Если он сын полковника городской стражи, может и знать.
— Говорят, — кивнул Делабарта. — И большей частью неправду. Когда объясняешь, что это были католики, не верят. Но и вправду трудно поверить.
— Арль был вашим только восемь лет, — напоминает Дени. — Ничего удивительного.
— Но мы для них — единоверцы… — лицо у парня почти треугольное: скулы широкие, подбородок узкий. Когда вот так вот приоткрывает рот в обиженном недоумении — совсем треугольник, равносторонний, хоть сейчас в учебник фортификации.
— Аурелия хочет делить подданство по вере. Мы не хотим.
Мы не хотим, но, возможно, придется. Но не сейчас. Не завтра. И не через десять лет.
— И вы будете, — качает головой Делабарта. — С такими как граф де Рэ.

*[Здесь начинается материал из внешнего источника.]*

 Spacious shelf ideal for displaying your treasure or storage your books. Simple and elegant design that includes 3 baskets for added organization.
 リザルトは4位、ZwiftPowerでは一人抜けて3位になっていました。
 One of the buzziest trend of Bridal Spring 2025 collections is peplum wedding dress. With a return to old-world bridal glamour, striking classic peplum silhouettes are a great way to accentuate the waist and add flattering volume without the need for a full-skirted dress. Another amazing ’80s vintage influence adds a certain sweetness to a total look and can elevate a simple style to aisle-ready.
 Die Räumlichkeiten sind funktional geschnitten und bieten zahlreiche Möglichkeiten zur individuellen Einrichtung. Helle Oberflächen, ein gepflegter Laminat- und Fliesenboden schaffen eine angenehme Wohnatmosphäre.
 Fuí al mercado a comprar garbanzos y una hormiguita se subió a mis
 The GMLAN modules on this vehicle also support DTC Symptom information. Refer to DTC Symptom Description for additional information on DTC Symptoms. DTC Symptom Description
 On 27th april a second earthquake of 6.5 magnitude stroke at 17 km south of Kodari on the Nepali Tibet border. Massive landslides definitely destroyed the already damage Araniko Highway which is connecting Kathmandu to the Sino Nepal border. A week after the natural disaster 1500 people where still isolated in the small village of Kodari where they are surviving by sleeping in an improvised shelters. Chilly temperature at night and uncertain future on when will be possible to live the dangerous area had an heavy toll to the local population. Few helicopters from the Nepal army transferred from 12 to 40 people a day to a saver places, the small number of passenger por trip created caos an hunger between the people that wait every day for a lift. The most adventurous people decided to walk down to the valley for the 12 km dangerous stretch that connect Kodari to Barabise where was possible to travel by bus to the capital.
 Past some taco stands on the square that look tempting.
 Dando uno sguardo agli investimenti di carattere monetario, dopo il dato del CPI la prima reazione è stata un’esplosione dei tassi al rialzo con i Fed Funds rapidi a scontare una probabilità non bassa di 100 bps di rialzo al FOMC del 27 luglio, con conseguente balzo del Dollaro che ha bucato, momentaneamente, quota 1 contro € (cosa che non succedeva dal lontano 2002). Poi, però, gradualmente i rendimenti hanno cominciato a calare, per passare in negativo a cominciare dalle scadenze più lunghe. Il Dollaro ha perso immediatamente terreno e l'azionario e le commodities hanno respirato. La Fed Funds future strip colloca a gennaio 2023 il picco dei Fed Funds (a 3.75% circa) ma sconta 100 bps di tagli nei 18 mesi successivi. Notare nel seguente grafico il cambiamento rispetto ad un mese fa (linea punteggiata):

— С такими как он… нет, — серьезно отвечает де Рубо. — Вы просто пока не видите разницы. Вам обидно, что вы играли в карты, а с вами сыграли в шахматы, обыграли, да еще и сорвали на вас злость за поражение в предыдущей партии, к которой вы не имели отношения. И вам неприятно, что равные могут считать вас… предателем, тогда как вы всего лишь вместе с другими выбрали меньшее зло.
Делабарта вскидывает голову, смотрит на генерала, хлопает глазами. Пытается почесать нос лубком. Прислушивается к одному ему слышному голосу, думает. Потом слегка краснеет.
— Вы правы, господин генерал. Благодарю вас за урок.
Я бы, думает Дени, с удовольствием обменял его на двоих де Рэ.
— Что вы предпочитаете, — спрашивает генерал, — переночевать здесь — или сразу ехать обратно?
— Прос-стите?..
— Я же не могу судить, что у вас с рукой. А если вы упадете с лошади, лучше вам не станет.
Теперь до марсельца действительно дошло. Дошло, что ему сказали… но гораздо медленнее доходит, что это не шутка. Вопросительный взгляд устремлен на де Вожуа.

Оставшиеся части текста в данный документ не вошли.